Haldane Burgess won first place in the Glasgow Bursary Competition. He spent four years as a teacher in Bressay in order to pay for his university education. He studied divinity at the University of Edinburgh, but found himself in disagreement with certain doctrines. He lost his sight in his last year of study, took his final exams orally and returned to Lerwick. Later his promotion of socialist ideas made him a popular and radical figure. He was a major supporter of the development of the Shetland Festival Up Helly Aa. His 1894 book The Viking Path... was a major influence in creating the Viking theme of the Up Helly Aa festival. Burgess also wrote the Up Helly Aa Song (initially sung to the tune of 'John Brown's body') which is sung during the burning of the Viking longship and in village halls and schools in Shetland.

==Writings==
He was a linguist and a champion of Esperanto. He developed a lifelong interest in Norse culture and taught himself Norwegian, later contributing articles to journals in Norway. In his lifetime he was best known for a novel entitled The Viking Path – A Tale of The White Christ (1894), set in Shetland and Norway at the coming of Christianity. The best-known of his work now is probably his verse in dialect, as published in Rasmie's Büddie: poems in the Shetlandic (1891), which was republished in 1913, and later in 1979 with illustrations by Frank Walterson. The poem 'Scranna' is one of the acknowledged classics of Shetland literature.

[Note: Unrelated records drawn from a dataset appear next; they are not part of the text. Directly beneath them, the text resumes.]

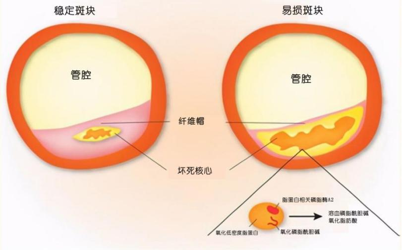 硬斑塊相對(duì)來(lái)說(shuō)比較穩(wěn)定,而軟斑塊和混合斑塊穩(wěn)定性差,醫(yī)生們習(xí)慣稱其為易損斑塊。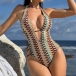 Fashion Halterneck Plunge V-neck Wavy Pattern Monokini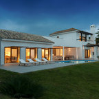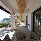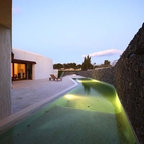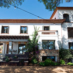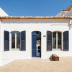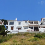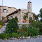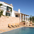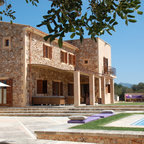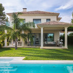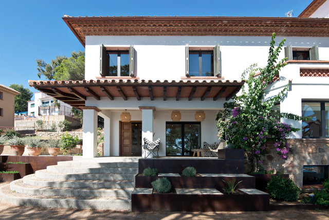 Großes, Zweistöckiges, Weißes Mediterranes Einfamilienhaus mit Mix-Fassade, Walmdach und Ziegeldach in Barcelona — Houzz

Laurence I. Graham, in his essay "Shetland Literature and the idea of community" in Shetland’s Northern Links: Language and History (1996), writes that his novel Tang "... was written in the closing years of the last century. It tells the story of a young girl, Inga, and her divided love for two men: one, her devoted admirer, a steady, hard working fisherman, and the other, a newly arrived minister, young, idealistic, unsure of himself and very susceptible to feminine charm and persuasion. It also presents a picture of a small community of crofter-fishermen, their women-folk, the merchant, the teacher, the minister and the laird. Burgess brings out the darker side of this community, the hypocrisy and occasional dishonesty, the servility of some crofters towards the gentry, the malicious gossip, the petty jealousies and spitefulness within the congregation and the damage done by itinerant hot-gospellers and their infernal, illegitimate-producing revival meetings' as Hakki, the agnostic schoolmaster, calls them. The novel certainly gives an unflattering picture of what passed for religious life at this period ... The arguments between Hakki, the outspoken agnostic, and the minister and laird are among the highlights of the book and it is obvious where the author's sympathies lie. It is certainly an unusual novel for its time when the Scottish Kailyard school of writing was still at its height ..."

==Personal==
A street in Lerwick, Haldane Burgess Crescent, is named after him. His younger brother William A. S. Burgess was also an author.